Caniveaux à ciel ouvert, ordures ou herbes envahissant ces derniers, pollution de la lagune…le visage qu’offrent les caniveaux d’Abidjan est triste et inquiétant.
A Abidjan (comme partout ailleurs), pour évacuer les eaux (usées et de ruissellement), les caniveaux sont mis à rude contribution. Il en existe plusieurs types: on note principalement les caniveaux à ciel ouvert et les caniveaux souterrains.
Les caniveaux souterrains sont un peu rares car dit-on: « ils ne tardent pas à se boucher » du fait (malheureusement) de la présence massive des ordures dans ceux-ci. Quand cette situation survient, les eaux, n’arrivant plus à circuler normalement dans ces égouts, prennent d’assaut la voirie. Les regards s’ouvrent de force et les excréments humains circulent à même le macadam avec leur lot de puanteur. Cette circulation des eaux sur la voirie dégrade fortement les routes.
Quant aux caniveaux à ciel ouvert, ils sont perceptibles, sans grand effort, dans toute la ville d’Abidjan. Tous les quartiers en comptent. Certains sont plus profonds et plus larges que d’autres. Ces caniveaux, quand ils ne sont pas envahis par les herbes, deviennent (malheureusement) des décharges. On observe les ordures ménagères qui freinent quelque peu la bonne évacuation des eaux dans ceux-ci. Ces eaux stagnent dans les canaux d’évacuation et sont de couleur verdâtre ou noirâtre à certains endroits.
Ces caniveaux sont de véritables usines de production de moustiques. Quand on sait que les populations vivent aux alentours de ces derniers, il y a de quoi être inquiet. En effet, les risques d’intoxication et de maladies (paludisme, irritations corporelles …) ne manquent pas.
Pis, les eaux qui circulent dans les caniveaux emportent quelquefois des enfants. A la moindre pluie. Et ce du fait de la profondeur et de la largeur assez considérables de ces fossés. Nombreux sont les enfants (imprudents) qui ne peuvent résister à la pression et à la force des eaux; ils se retrouvent pris au piège et à moins de l’intervention de personnes plus âgées (pour les secourir), ce sont malheureusement des vies humaines que l’on déplore. Cette situation tragique se vit souvent au « pont vagabond » et au quartier « Maroc » de Yopougon.

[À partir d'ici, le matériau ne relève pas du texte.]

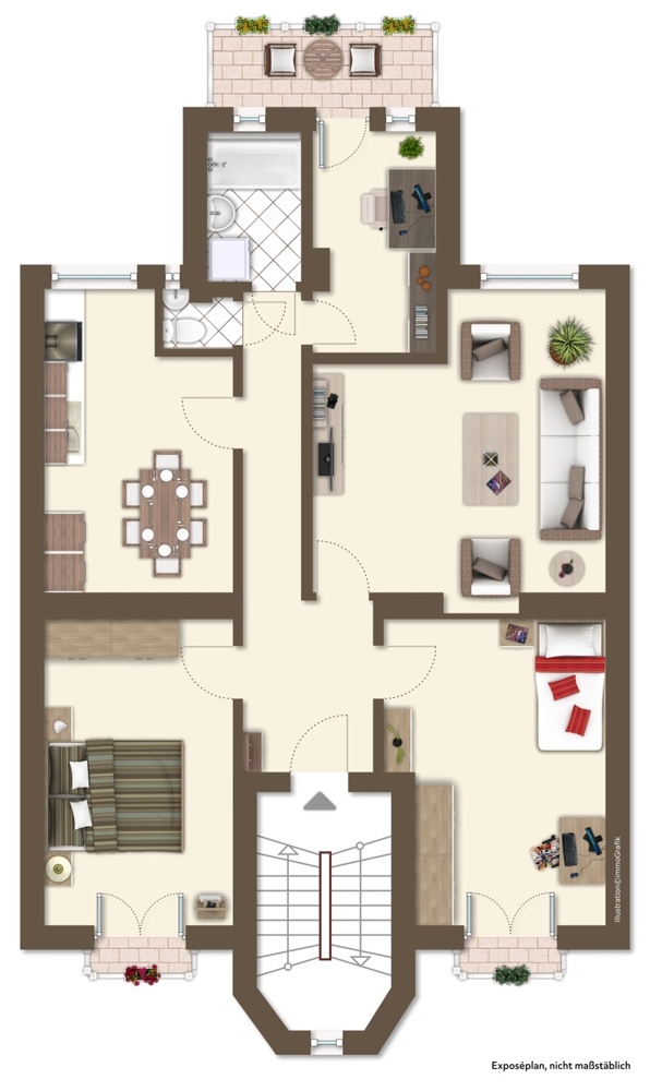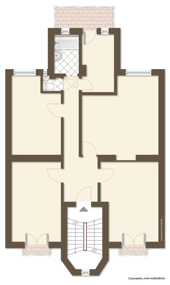 Die Wohnung umfasst mit knapp 95m² Wohnfläche vier Zimmer, eine Küche, einen Flur, ein Tageslichtbad mit Badewanne, ein separates WC, einen Balkon zur Gartenseite und französische Balkone zur Straßenseite.

Certains caniveaux ornant les routes, peu profonds et moins larges, font que les eaux sortent souvent de leur lie quand il pleut fortement. Ne pouvant plus être évacuées normalement, ces eaux inondent la voirie: les usagers de la route vivent un véritable calvaire tout le temps que mettra cette situation inconfortable.
C’est le cas par exemple au carrefour de l’Indénié: les collecteurs, recevant les eaux des caniveaux en provenance d’Adjamé, de Cocody…(souvent envahis par du sable), devient peu profonds à ce niveau. A la moindre pluie, l’accumulation des eaux, combinée aux effets d’ une étude pédologique préalable à la construction de ce carrefour quelque déficiente, transforme cet espace en une véritable boue dans laquelle pataugent les automobilistes.
Bien plus, les caniveaux qui traversent les communes d’Abidjan déversent quasiment tout leur contenu dans la lagune Ebrié sans que celle-ci ait droit à un entretien conséquent: elle s’en trouve donc polluée. Et pourtant, les ressources halieutiques de cette dernière se retrouvent presque tous les jours dans « les assiettes des Ivoiriens ». C’est dire que l’assainissement à Abidjan est préoccupant et se pose avec une acuité particulière, des vies étant en jeu.
L’espoir de tous réside aujourd’hui dans une « politique environnementale d’urgence » claire visant «l’implication et l’action de tous: autorités politiques, structures sous tutelle et populations ». C’est à cette condition qu’Abidjan retrouvera « sa santé » et que la population se sentira mieux.